Air taxis and delivery drones may soon make the airspace between 200 and 5000 feet above ground level much more valuable. How is this airspace to be regulated? In a very good new paper Brent Skorup draws on Coase, Demsetz, and Ostrom and the law, economics and history of regulated commons to suggest new approaches.

[T]he technological shock—the commercialization of air taxis—will create novel urban airspace scarcity and collective action conflicts. When intended uses conflict, how should airspace be allocated? This is an old problem: the transformation of a common-pool resource in the face of intensive new uses for that resource.

…For traditional aviation, air traffic management is centralized and relies on complex collaboration between airlines, the general aviation industry, air traffic controllers, and regulators. Aircraft routes, payload, slot fees, airport locations, billing, and safe separation between aircraft are all highly regulated components of this interconnected system. Massive economic distortions result from the regulated rationing of airspace and terminal access. Low-altitude airspace (i.e.,200 feet to 5000 feet above ground level) offers a relatively blank slate to explore new models for air transport and to avoid command-and-control mistakes made in the past in aviation.
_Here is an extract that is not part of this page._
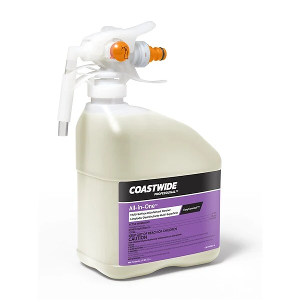 Kill germs and remove stubborn messes with this all-in-one cleaner. Powerful hydrogen peroxide disinfectant provides an ideal solution for hospital rooms, classrooms and dining areas, while the strong cleaning agents help cut through dirt to leave your building looking its best. The 3-liter bottle is compact for convenient storage and portability. This cleaner is available in a pre-tipped dispensing bottle to ensure you consistently get the right dilution ratio for the best results. This Coastwide Professional™ All-In-One disinfectant cleaner features an ergonomic handle for easy dispensing and less mess.
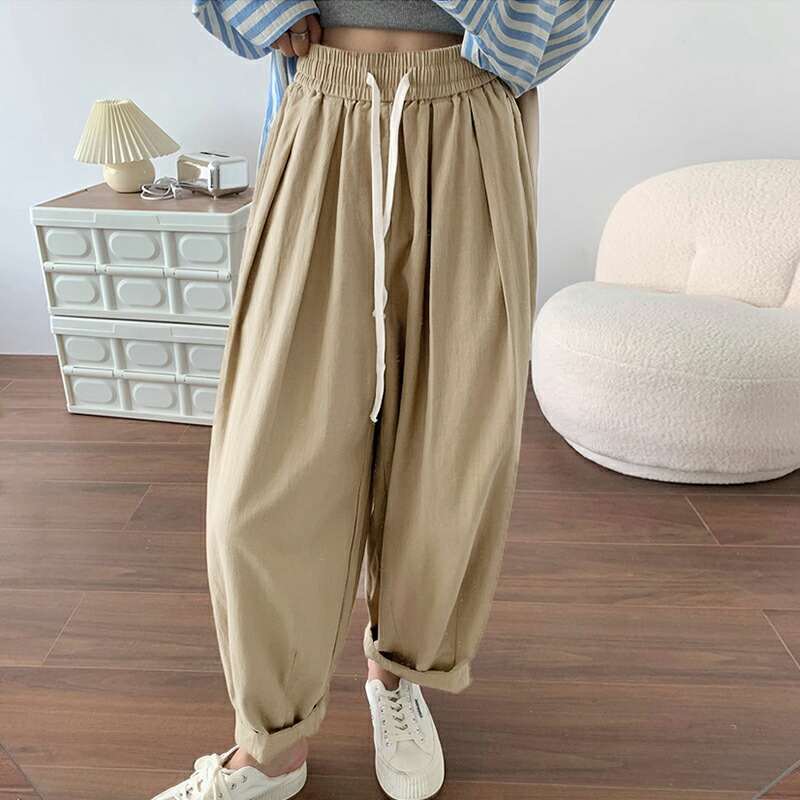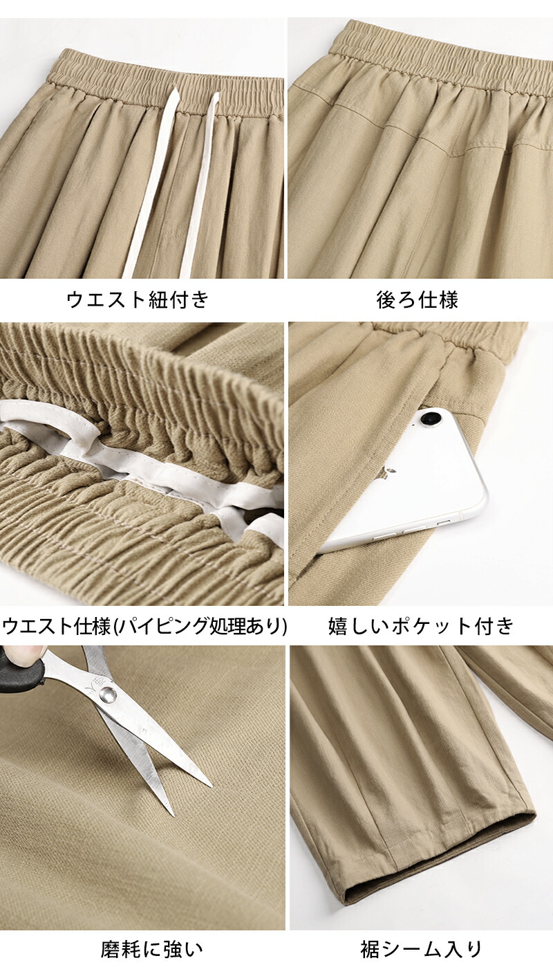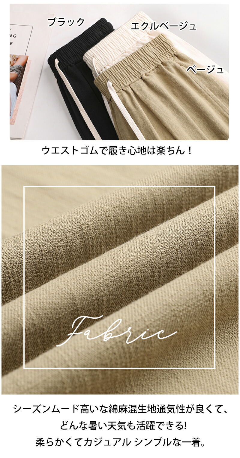 ワイドパンツ レディース きれいめ 春 夏 大きいサイズ ウエストゴム パンツ イージーパンツ 涼しい 綿麻 リネン ボトムス コットン リラックス シンプル ゆったり 体型カ ルーズ

…Section IV introduces a different idea: that the FAA instead delimit geographic tracts of low-altitude airspace and assign exclusive use licenses to those tracts via auction for a term of years. Flight path, speed, terminal locations, aircraft size, UTM technologies, and pricing choices would largely be delegated to the tract licensees. Finally, Section V explains why this approach, which draws on real-world examples from spectrum auctions and other federal asset markets, may offer more competitive UTMs and dynamic efficiencies for low-altitude air transit. This auction approach also allows aviation regulators to focus less on scientific management of airspace and UTM interoperability and more on aircraft safety, dangerous weather, and inspections.

How much did the housing shock drive political polarization?

From Henry van Straehlen, a job market candidate from Northwestern:

This paper studies the effect of economic conditions on political polarization using micro-data on house prices, mortgages, and individual political contributions. I argue that shocks to housing wealth — the largest asset for most households in the U.S. — lead to political polarization. Using the housing market bust of 2007-2011 as an empirical laboratory, I show that negative shocks to housing wealth increase political polarization. The richness of the data enables me to use individual heterogeneity in housing location and timing of home purchase to disentangle changes in personal wealth from other factors that might be at play in determining political polarization. The effect of housing shocks on polarization is stronger during the crisis, and cannot be attributed to reverse causality or changing neighborhood composition. Survey evidence comparing homeowners and renters shows that only homeowners polarize in response to house price shocks, while renters do not — suggesting that house price shocks are not merely a proxy for other economic shocks. Furthermore, extreme politicians benefit electorally from negative house price shocks to their contributor network, whereas moderate politicians are hurt by negative house price shocks. Financial crises destabilize politics, which then can feed back into the crisis. These results provide insight into the difficulty of adopting structural economic reforms following financial crises.

Work in progress by Henry argues: “I show that when the common ownership between two firms increases through mutual fund acquisition of their stock, the firms converge in political donation behavior and lobbying activity.”